I hadn't previously been aware that Neil and Christine Hamilton had swelled the sponge of wine writers, as we're collectively known, until they turned up at the Asda tasting, he in red trousers and blue shirt, she tastefully colour co-ordinated in red top and blue skirt. I was leaving as they pitched up on their bikes, but it was hard not to miss Neil, after a quick slurp of cava, sashaying like a latter-day Bond to the Bollinger. It can only be a matter of time before their ambit includes Corney & Barrow and Justerini & Brooks, unless they are detained by their duties as hosts of Destination Lunch on Overseas Property TV (Sky 287).
Speaking of absent friends, we'd heard barely a peep from the apparently publicity-shy Asda, who two years ago dumped their wine-buying dynamic duo – Tara Neil and Sara Brook – for reasons best known to themselves. A press tasting was long overdue then, as the supermarket group admitted. The good news was that Asda hadn't just been sitting on its hands since that time, but appointed its consultant, Philippa Carr, a master of wine (MW), to full-time wine buyer in November 2005. MW status is not an automatic guarantee of wine-buying skill, but Carr has both the experience and, on the evidence of the launch of the new range, a palate that gives her the aptitude, and attitude, for the job.

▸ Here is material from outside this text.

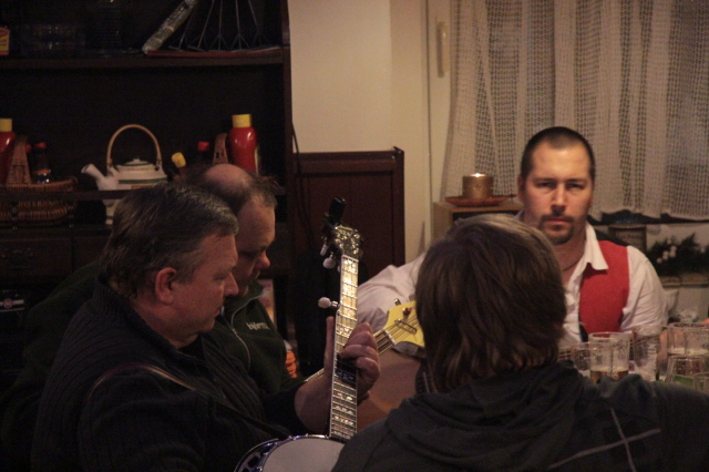 Na stolech jelítka, jitrnice, prejt, zelíčko, ovar, šunka, klobásky, horčice, okurčičky, křen a vejmrda... k tomu prdelačka, dršťkovka, gulášek. To vše prokládáno pivem, jägrem, slivkou a hrou "kdo vypije ocet". K tomu hrála zábavová country kapela a my si během večera asi dvacetkrát zazpívali Sestřenici od VDP. Country je zkrátka jen jedno. Na závěr došlo i na sázky, kdo sežere dva plátky chleba během minuty za dvě stovky, což nikdo nedal.
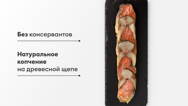 Ароматное ассорти из рыбы холодного копчения: горбуши и скумбрии. Нежная текстура и тонкий контраст вкусов: сладковатого и насыщенного рыбного. Без консервантов

As distinct from Tesco, whose new range incorporates a substantial number of high-end wines, Carr's ambition for Asda seems more modest but no less practical. She feels there are still plenty of consumers around who need a holding hand when it comes to paying more, which is why she's put a lot of effort into the continuation of Asda's Extra Special range. Extra Special is Asda's answer to Tesco's Finest and Sainsbury's Taste the Difference, a set of superior, own-label wines that take customers to the next rung of the ladder. To encourage buyers, Philippa has introduced a new range of mini taster bottles, a third the normal size, priced at £1.50-£2, with seven in the Extra Special range and another eight well-known brands such as Casillero del Diablo and Jacob's Creek.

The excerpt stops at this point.